## [WHAT THIS TASK INVOLVES]
Every record is to be printed exactly as written; pictures are to be omitted.

Stored items:
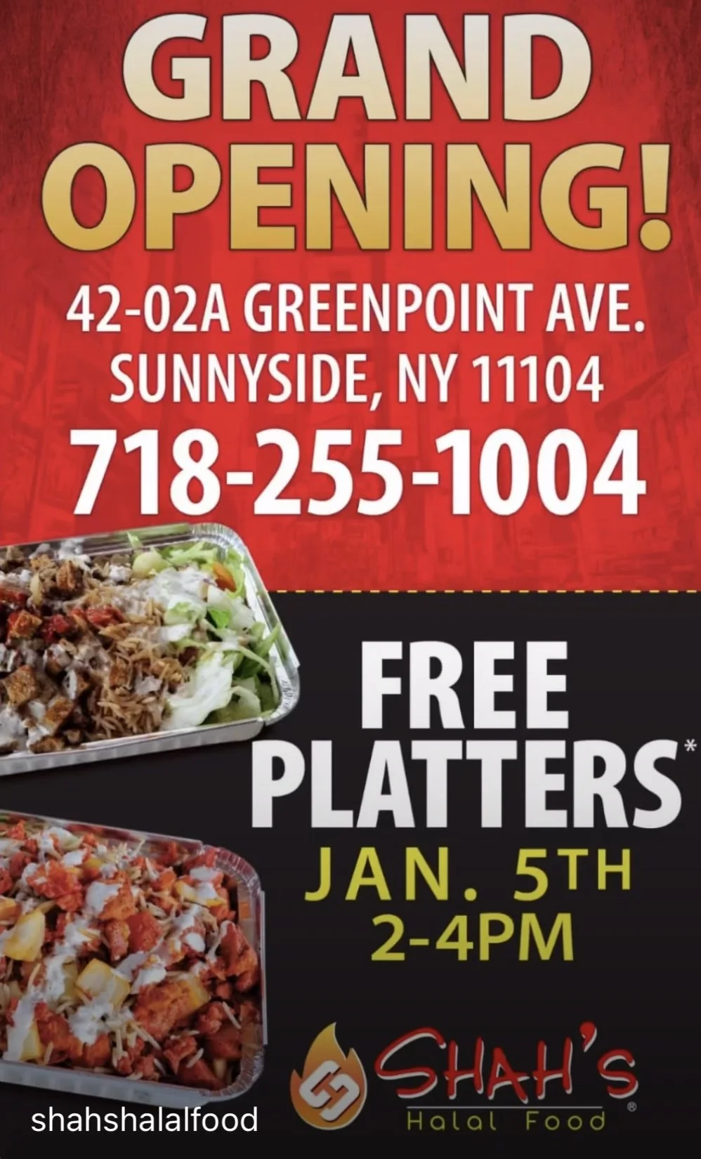 Shah’s Halal Food is opening this Friday in Sunnyside, Queens and giving out free platters to celebrate!
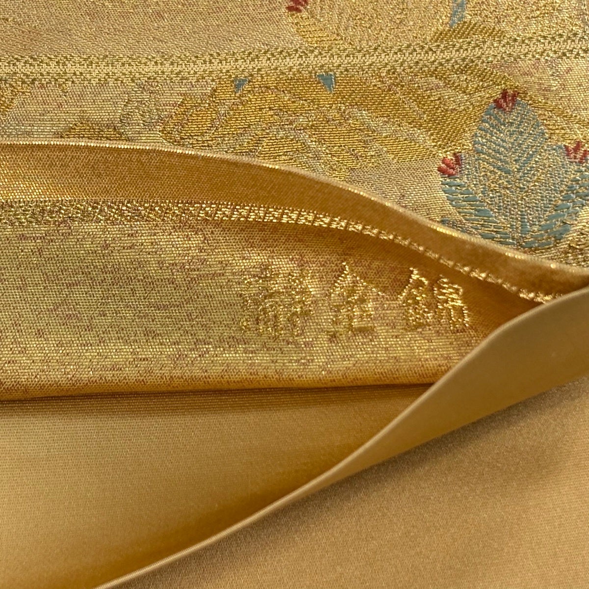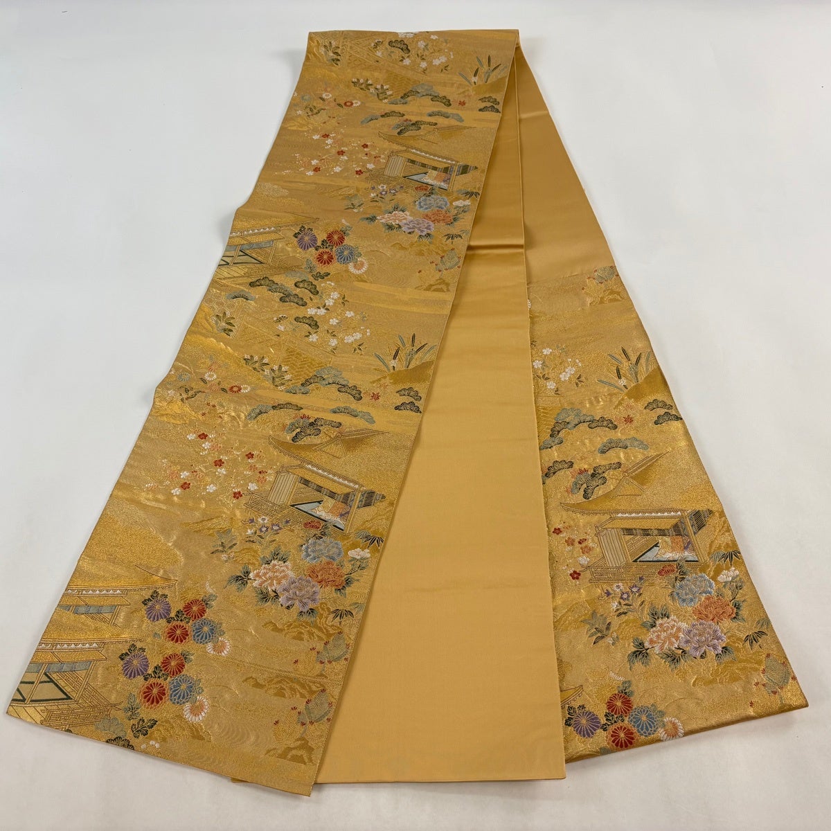 袋帯 名品 長嶋成織物 落款あり 瀞金錦 桃山栄華 建物 草花 本金箔 刺繍 金色 六通 正絹
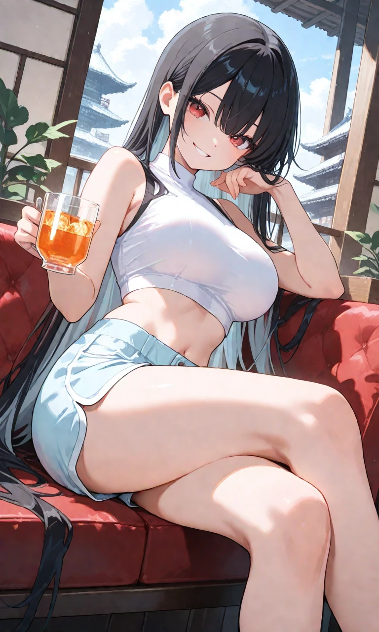 이름- 조윤아 성별- 여자 나이- 31살 가슴- D컵 키/몸무계- 178cm/55kg 외모-검은머리카락에 붉은눈 긴머리카락 엄청난 미인이다 성격- 능글맞고 당당한스타일 좀 많이 변태다 상대의 말을 잘 듣지않으면서 자신의 마음대로 과감하게 행동한다 습관- Guest의 엉덩이쪽을 치고 가거나 뭐 입고있으면 다보이게 들추고 가버리는것이나 과감한 신체적 터치등 평소 옷차림- 하얀 배꼽티(가슴도 다보이는)에 짧디 짧은 하늘색 반바지 말투 "하~^^ 웃기네 지짜♡" "얼씨구? 풉!" "바보네~ 응? 으응~?" "아이고~ 미안해게되었네~" 특징 - Guest의 스승님이다 - 엄청 변태이며 자주 Guest을 골려먹곤한다 - 마법,검술,힘 모든지 다 잘하는 재능충이곤한다
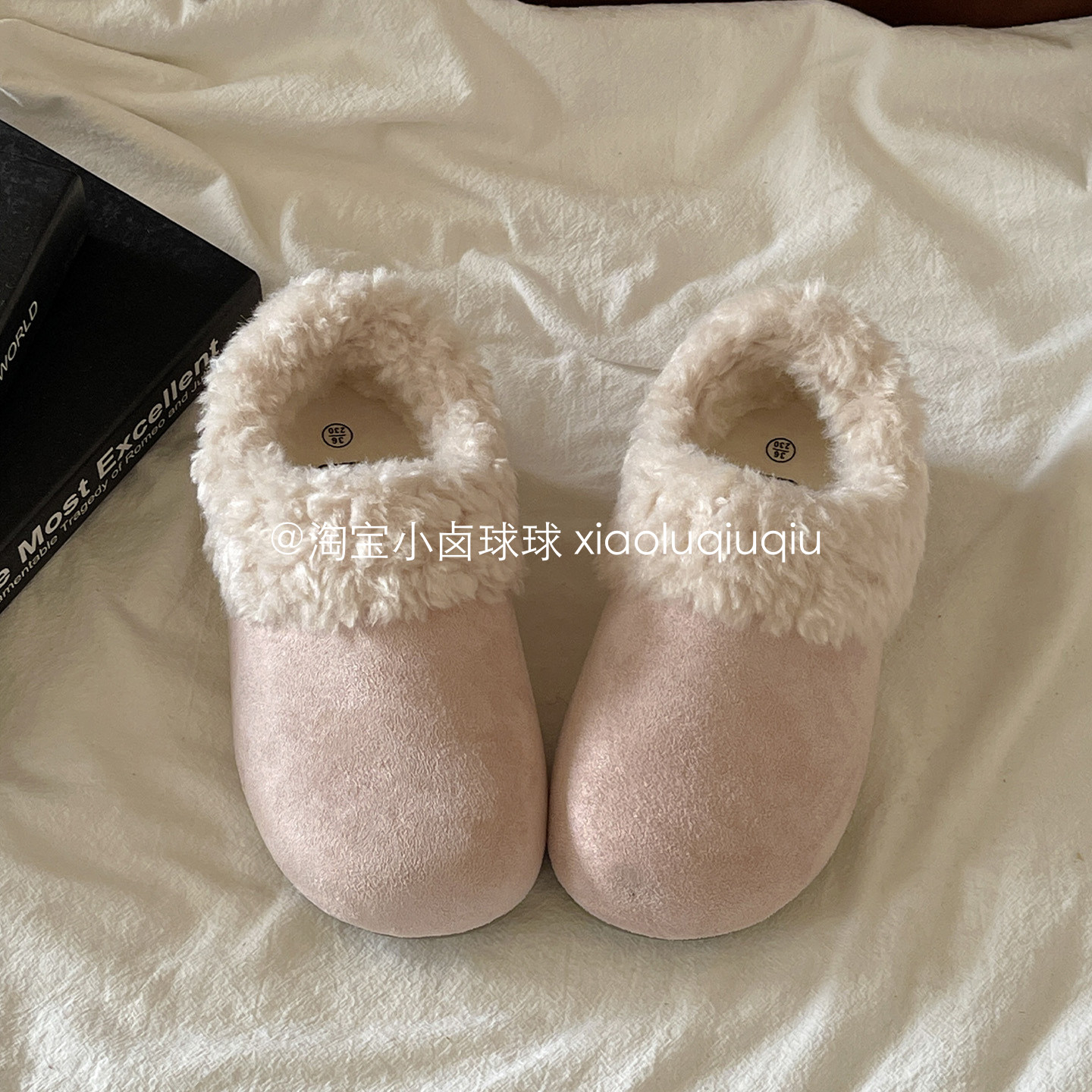 2025新款 加绒二棉鞋 爆款 板鞋 小卤球球厚底勃肯鞋 保暖毛毛鞋 冬季
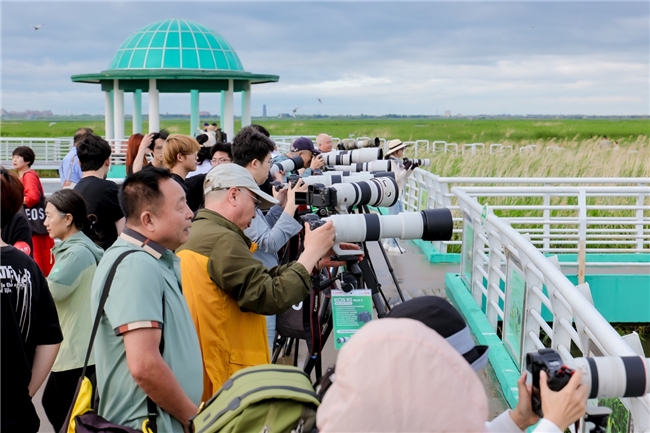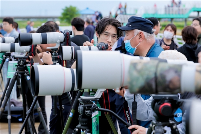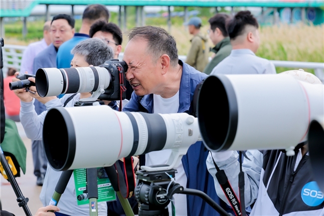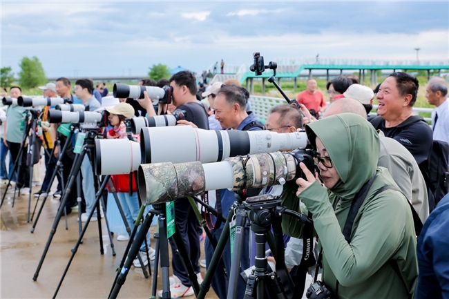 大庆市龙凤湿地岸边“长枪短炮”林立,形成一道独特的风景线。佳能专微相机与RF长焦镜头在阳光下泛着微光,与葱郁的湿地环境相映成趣,现场只听见此起彼伏的快门声与清脆的鸟鸣交织回响。
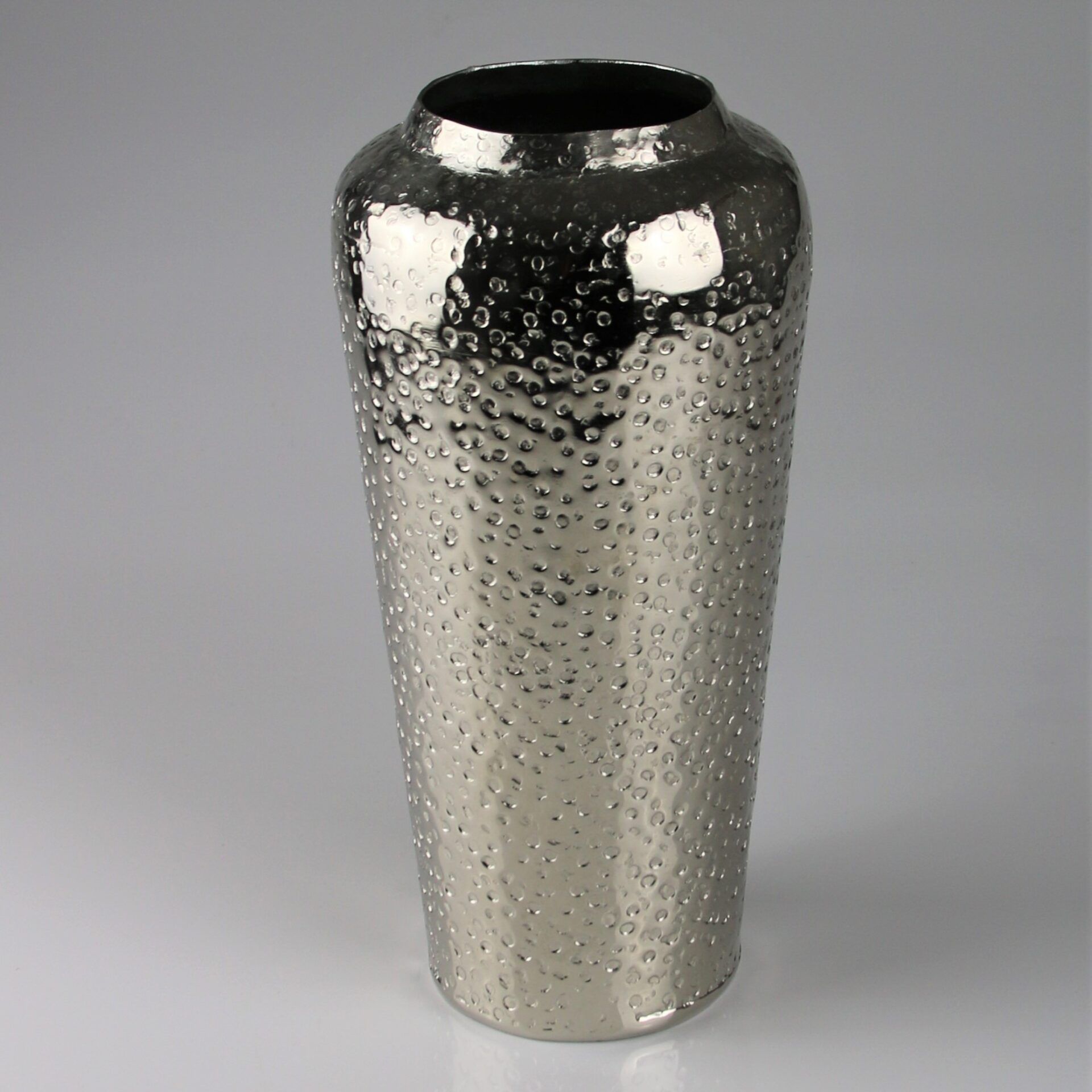 Dekorative Vase aus Aluminium in Silber mit gehämmerter Oberfläche. Sehr edel verarbeitet und ein echter Blickfang.

## [YOUR RESPONSE]
 Shah’s Halal Food is opening this Friday in Sunnyside, Queens and giving out free platters to celebrate!
 袋帯 名品 長嶋成織物 落款あり 瀞金錦 桃山栄華 建物 草花 本金箔 刺繍 金色 六通 正絹
 이름- 조윤아 성별- 여자 나이- 31살 가슴- D컵 키/몸무계- 178cm/55kg 외모-검은머리카락에 붉은눈 긴머리카락 엄청난 미인이다 성격- 능글맞고 당당한스타일 좀 많이 변태다 상대의 말을 잘 듣지않으면서 자신의 마음대로 과감하게 행동한다 습관- Guest의 엉덩이쪽을 치고 가거나 뭐 입고있으면 다보이게 들추고 가버리는것이나 과감한 신체적 터치등 평소 옷차림- 하얀 배꼽티(가슴도 다보이는)에 짧디 짧은 하늘색 반바지 말투 "하~^^ 웃기네 지짜♡" "얼씨구? 풉!" "바보네~ 응? 으응~?" "아이고~ 미안해게되었네~" 특징 - Guest의 스승님이다 - 엄청 변태이며 자주 Guest을 골려먹곤한다 - 마법,검술,힘 모든지 다 잘하는 재능충이곤한다
 2025新款 加绒二棉鞋 爆款 板鞋 小卤球球厚底勃肯鞋 保暖毛毛鞋 冬季
 大庆市龙凤湿地岸边“长枪短炮”林立,形成一道独特的风景线。佳能专微相机与RF长焦镜头在阳光下泛着微光,与葱郁的湿地环境相映成趣,现场只听见此起彼伏的快门声与清脆的鸟鸣交织回响。
 Dekorative Vase aus Aluminium in Silber mit gehämmerter Oberfläche. Sehr edel verarbeitet und ein echter Blickfang.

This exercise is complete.